▸ **Source material**:
##############################

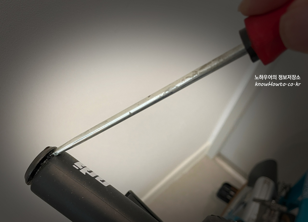 주의하실 점은 칼을 깊이 넣어 자르면 핸들바에 기스가 생기므로 조금씩 자르면서 손으로 벗겨냅니다.
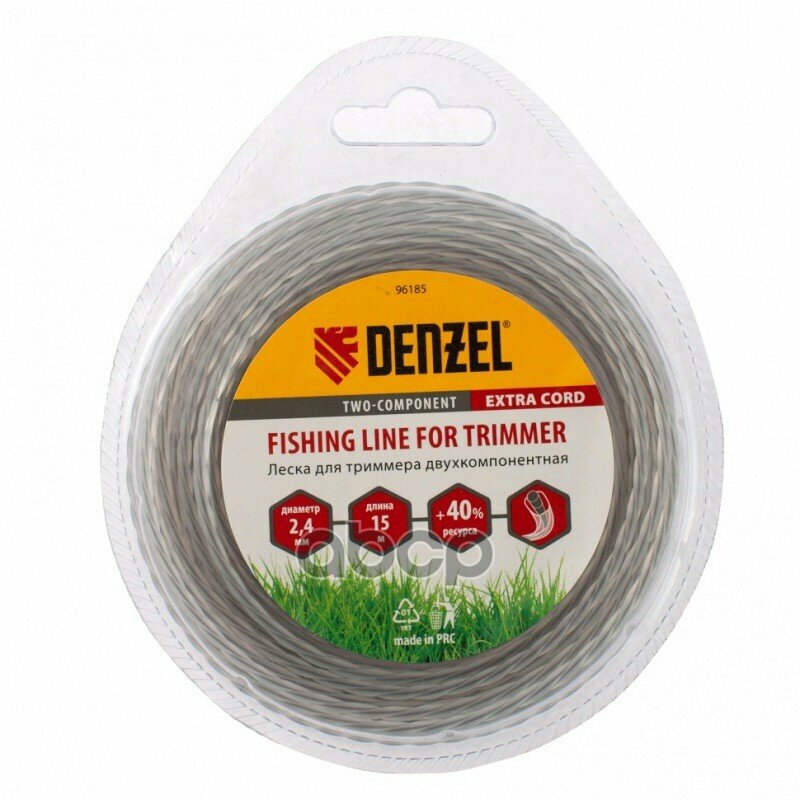 DENZEL Леска двухкомпонентная для триммера квадратная витая, 2,4 мм х 15 м, EXTRA CORD Denzel, ( 96185 )
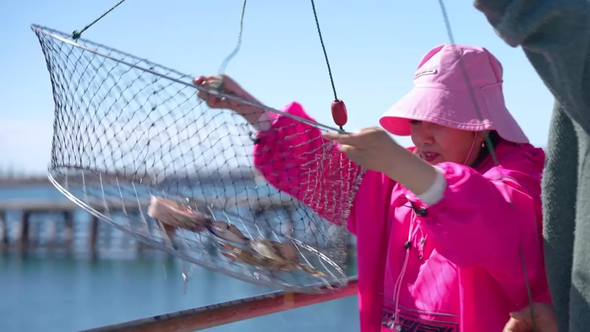 阿姐體驗釣蟹時,好似小朋友咁開心。
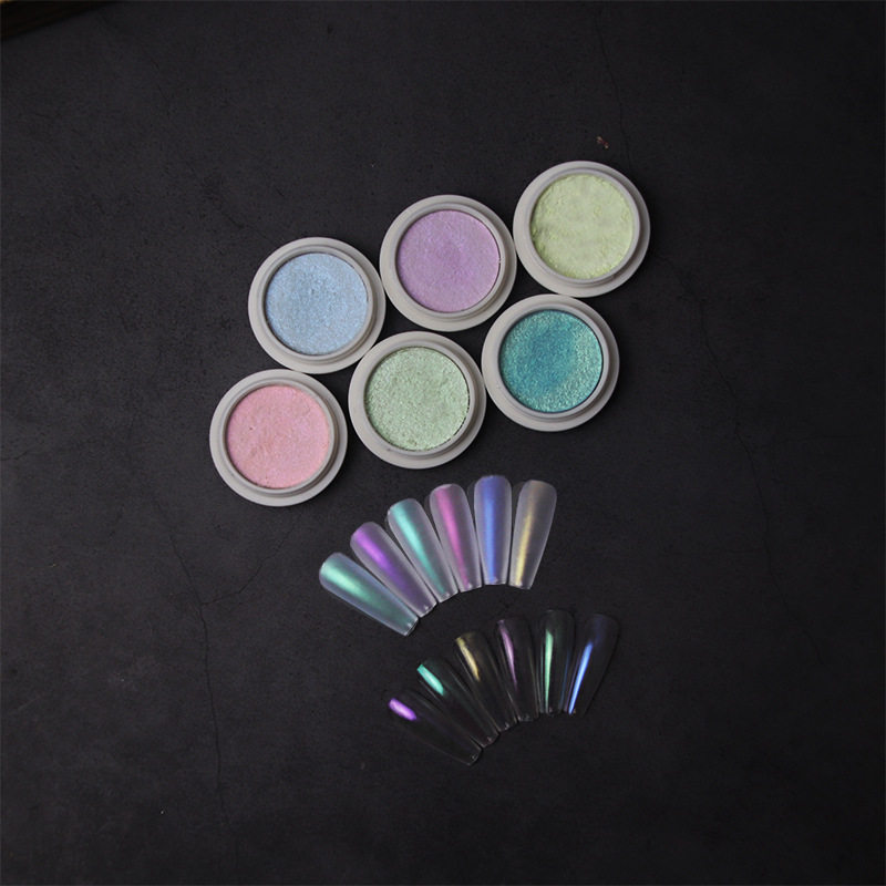 2021 New Nail Solid Aurora Ice Through Naked Fairy Mirror Mirror Blue Purple Polaroid Magic Mirror Powder

##############################

▸ **Exercise instructions**: Write out the whole listing exactly. Pictures stay out.

▸ **Exercise response**:
 주의하실 점은 칼을 깊이 넣어 자르면 핸들바에 기스가 생기므로 조금씩 자르면서 손으로 벗겨냅니다.
 DENZEL Леска двухкомпонентная для триммера квадратная витая, 2,4 мм х 15 м, EXTRA CORD Denzel, ( 96185 )
 阿姐體驗釣蟹時,好似小朋友咁開心。
 2021 New Nail Solid Aurora Ice Through Naked Fairy Mirror Mirror Blue Purple Polaroid Magic Mirror Powder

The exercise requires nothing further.